▶ _Task instructions_
Transcribe exactly, and only, the lines from the one with "Blazer in black" through the end of the records below, including both of those lines. Skip all pictures.

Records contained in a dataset
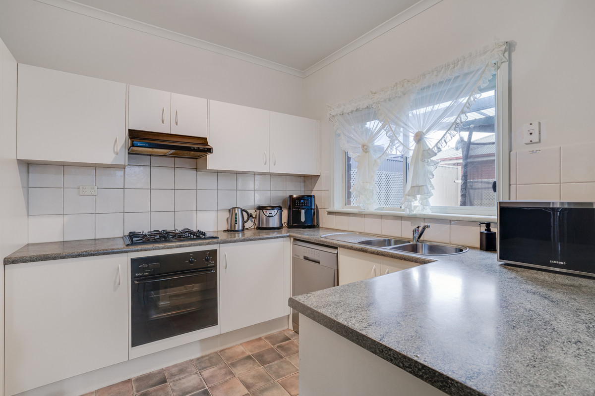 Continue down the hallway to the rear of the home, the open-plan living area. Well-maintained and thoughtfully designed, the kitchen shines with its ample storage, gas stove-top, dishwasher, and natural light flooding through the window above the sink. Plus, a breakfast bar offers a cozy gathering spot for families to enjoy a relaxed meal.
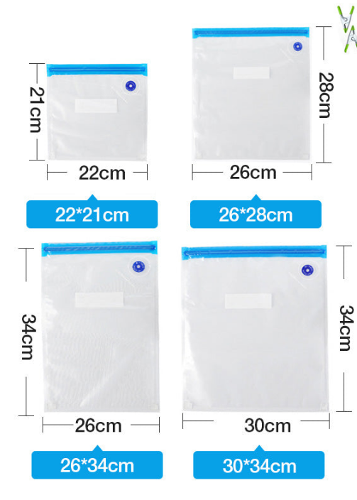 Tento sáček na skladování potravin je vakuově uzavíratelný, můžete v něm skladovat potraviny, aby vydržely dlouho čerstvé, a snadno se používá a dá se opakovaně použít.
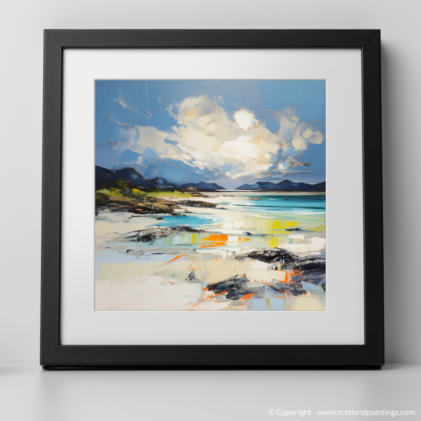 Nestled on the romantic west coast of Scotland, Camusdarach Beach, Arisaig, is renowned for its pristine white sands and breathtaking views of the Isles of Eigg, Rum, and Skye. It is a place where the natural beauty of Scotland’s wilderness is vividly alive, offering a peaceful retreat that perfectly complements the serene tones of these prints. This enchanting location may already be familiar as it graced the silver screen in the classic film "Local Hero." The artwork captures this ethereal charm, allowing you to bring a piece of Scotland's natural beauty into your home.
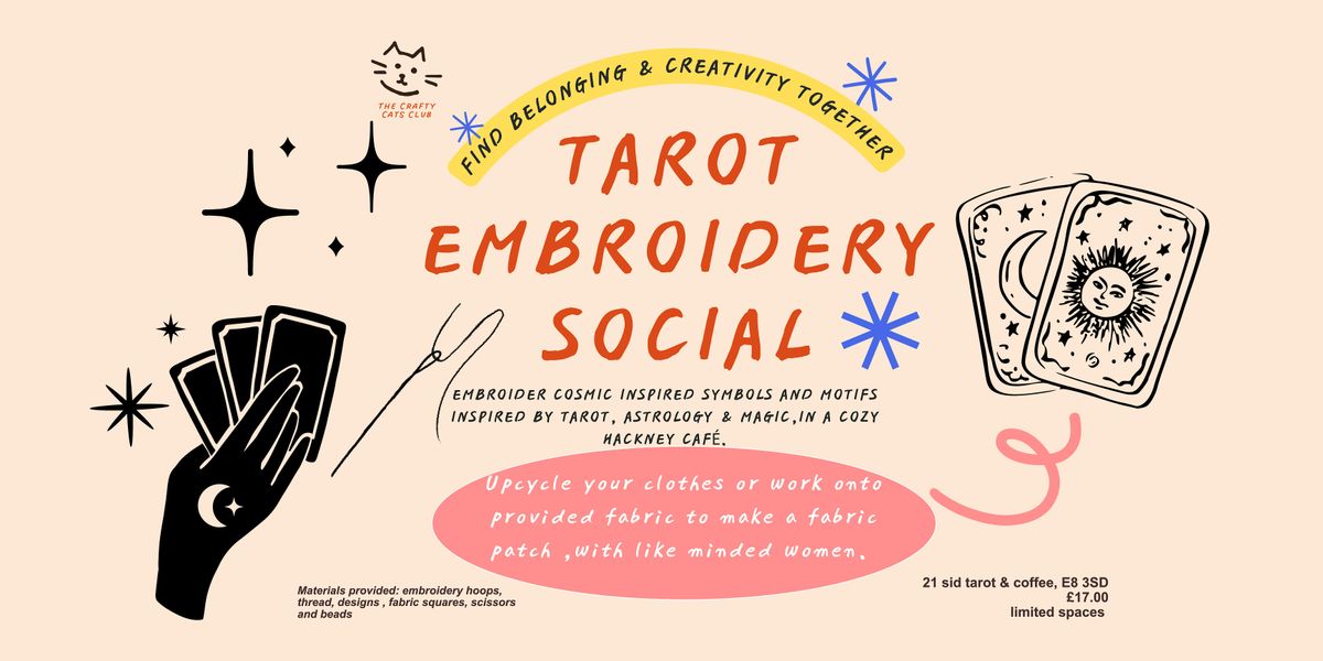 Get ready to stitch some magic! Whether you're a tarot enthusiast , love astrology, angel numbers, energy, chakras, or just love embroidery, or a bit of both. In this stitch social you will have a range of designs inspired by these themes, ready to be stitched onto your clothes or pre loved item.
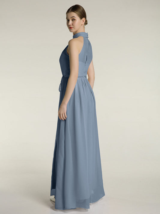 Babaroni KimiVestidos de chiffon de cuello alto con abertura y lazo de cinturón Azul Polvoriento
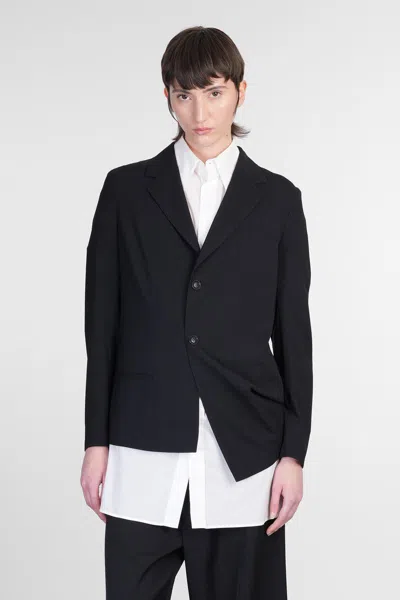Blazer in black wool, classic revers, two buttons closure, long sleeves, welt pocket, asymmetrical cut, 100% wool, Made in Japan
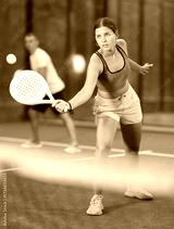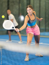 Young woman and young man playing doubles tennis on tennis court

▶ _Solved problem_
Blazer in black wool, classic revers, two buttons closure, long sleeves, welt pocket, asymmetrical cut, 100% wool, Made in Japan
 Young woman and young man playing doubles tennis on tennis court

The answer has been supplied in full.